Now, the president did sign an executive order creating DOGE as an entity within government, but I believe it still violates the law, the Federal Advisory Committee Act, because there are lots of things they’re doing and nobody knows what they’re doing. There’s been no public notice. It’s still a mess.

And then the second thing we did was we recognized when they filed, the OMB [Office of Management and Budget] told all aspects of government that they should put a pause, based on the president’s executive actions, on funding. They basically paused all funding by their actions. And so we went to court to get a temporary restraining order, and that order has been upheld as of Monday. And so we’re pleased with what the courts have done so far. We are beginning to see funding flow to some organizations, but it’s still pretty much a haphazard manner and we’ll be tracking over the next several days. But the intent with us and the [National Council of Nonprofits] and a couple other groups who we worked tirelessly on this effort was again, to try to make sure that the government’s upholding the spirit of the law.

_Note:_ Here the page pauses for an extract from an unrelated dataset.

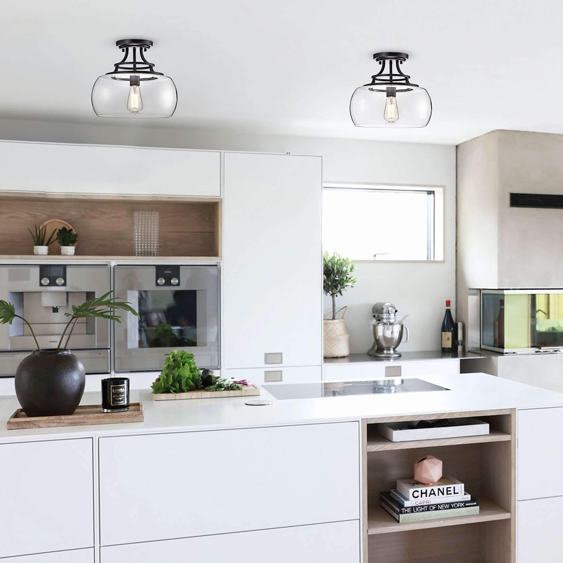 Antique Black Clear Glass Semi Flush Mount Chandelier - Traditional

And it’s caused enormous disruptions with funding and organizations that can’t pay their bills and are having to let people go. It’s really been a real mess.

Faust: I’m curious about the logistics of this decision to be in the center of this storm. Obviously, public health is a target of this administration clearly, but just, you wake up in the morning and you see this federal grant freeze. And when I saw it, I called my leadership at my hospital and I said, “Wait, are we going to sue because don’t we have standing? This is going to affect us.” And their answer was, “Well, somebody’s going to sue. Really, we don’t know if it’s going to be us or not, and who’s going to do it? Who is going to do it?” And the next morning or whatever I read, it’s you. It’s like you said, the nonprofit associations. What’s the decision process that says, “You know what? It’ll be us.”

Benjamin: Well, you have to think strategically about what you’re doing, and I really can’t talk about legal strategies, but I think at the end of the day, somebody has to stand up and say, “Enough.” And I think we just felt that it was a substantial enough problem for the public health community, at least we needed to be part of the solution of this. Policymaking in this country is not only done by the president. The president absolutely is a major policymaker and has a perspective and has rules and things, ideas that he or she wants to promote. Having said that, the Congress has a role. The courts have a role in policymaking. We in civil society have a role. The president is not the only decision maker. If we had a king that would be the case, but we don’t have a king. We have a president. And that president leads the executive branch. And the executive branch obviously is our government and the processes and directions they want to take it, but he does not have a mandate. He has his perspectives and the perspectives of people he brings around him, but they’re not… again, he’s not a king. He doesn’t get up any morning and say, “I want the sky to be green.” Not going to happen.

And so I think that for organizations like ours, we’re eager to work productively with our elected leaders. There’s no question that we want to do that, but it needs to be principled and it has to be on the right ideas.